Il est temps de dire que la «politique» est une science comme la médecine et les mathématiques, elle nécessite des compétences et des études appliquées pour soulever les maladies qui affectent et affaiblissent le corps social à cause des problèmes éducationnels, moraux et matériaux que partagent pratiquement la plupart des Algériens.
Etant donné que ce travail n’a aucune place et aucun sens en Algérie, que fait l’homme politique alors ? Active-t-il pour rendre l’Algérie aux Algériens(nes) ?

Que font les hommes de la politique pour l’Algérie pour que, eux, soient à l’abri de la misère sociale grâce aux ressources naturelles alors que d’autres Algériens(es) comme eux, aussi, ne soient pas protégés de cette situation ? Quel travail et quel effort fournissent ces hommes politiques pour recevoir des rémunérations colossales ? Quelle différence y a-t-il entre ces hommes politiques et les Algériens qui ne travaillent pas ? Quelle morale religieuse ou humaine accepte ce fait ?
Ces hommes politiques sont-ils réellement convaincus d’une cause porteuse d’idéologie ? Sont-ils capables d’apporter des réponses techniques par rapport aux besoins des populations ?

Ce qui est certain, c’est que la plupart qui se prétendent être des activistes dans des parties politiques ne connaissent pas si leurs partis ont réellement un fil conducteur qui fixe une idéologie particulière.

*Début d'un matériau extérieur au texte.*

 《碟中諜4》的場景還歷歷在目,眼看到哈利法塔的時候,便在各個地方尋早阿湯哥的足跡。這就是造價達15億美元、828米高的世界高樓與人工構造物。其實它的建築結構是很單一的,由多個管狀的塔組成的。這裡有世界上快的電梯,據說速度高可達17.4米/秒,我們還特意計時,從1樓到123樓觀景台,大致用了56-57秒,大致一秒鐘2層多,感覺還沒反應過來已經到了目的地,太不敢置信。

Certains d’entre eux souffrent d’un déficit intellectuel et ne savent pas la définition exacte de ce que c’est le socialisme, le capitalisme, le libéralisme ou le communisme. Ce déficit de formation idéologique explique le comportement de certains qui migrent d’un parti à un autre en fonction de leurs propres intérêts.

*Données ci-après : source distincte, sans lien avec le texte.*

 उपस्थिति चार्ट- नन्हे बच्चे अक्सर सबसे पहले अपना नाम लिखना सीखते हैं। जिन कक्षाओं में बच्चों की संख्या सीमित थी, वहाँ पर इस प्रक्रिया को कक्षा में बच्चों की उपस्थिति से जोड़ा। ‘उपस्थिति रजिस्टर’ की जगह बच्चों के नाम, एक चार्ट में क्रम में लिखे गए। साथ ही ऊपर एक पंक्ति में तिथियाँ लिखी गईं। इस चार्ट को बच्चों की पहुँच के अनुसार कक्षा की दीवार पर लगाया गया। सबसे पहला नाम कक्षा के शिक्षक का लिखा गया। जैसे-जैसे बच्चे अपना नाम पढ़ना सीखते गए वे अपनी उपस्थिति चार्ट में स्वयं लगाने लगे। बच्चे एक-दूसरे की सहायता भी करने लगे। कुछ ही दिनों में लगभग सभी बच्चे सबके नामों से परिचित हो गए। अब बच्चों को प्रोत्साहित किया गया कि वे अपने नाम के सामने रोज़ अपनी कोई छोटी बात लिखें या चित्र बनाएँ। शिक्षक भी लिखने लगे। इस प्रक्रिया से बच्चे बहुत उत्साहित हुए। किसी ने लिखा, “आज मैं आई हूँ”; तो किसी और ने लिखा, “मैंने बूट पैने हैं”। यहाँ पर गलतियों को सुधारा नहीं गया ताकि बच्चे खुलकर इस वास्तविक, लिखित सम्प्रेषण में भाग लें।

Pour finir, je dois dire que la grande crainte viendra avec les nouvelles stratégies des partis politiques qui vont bousculer les anciens, et nous en sommes loin pour savoir à quelle vitesse ils peuvent aller pour diviser ce qui est déjà divisé ?


Notes :
1) Lahouari Addi, Pluralisme politique et Islam dans le monde arabe, in Pouvoirs, 2003, n° 104.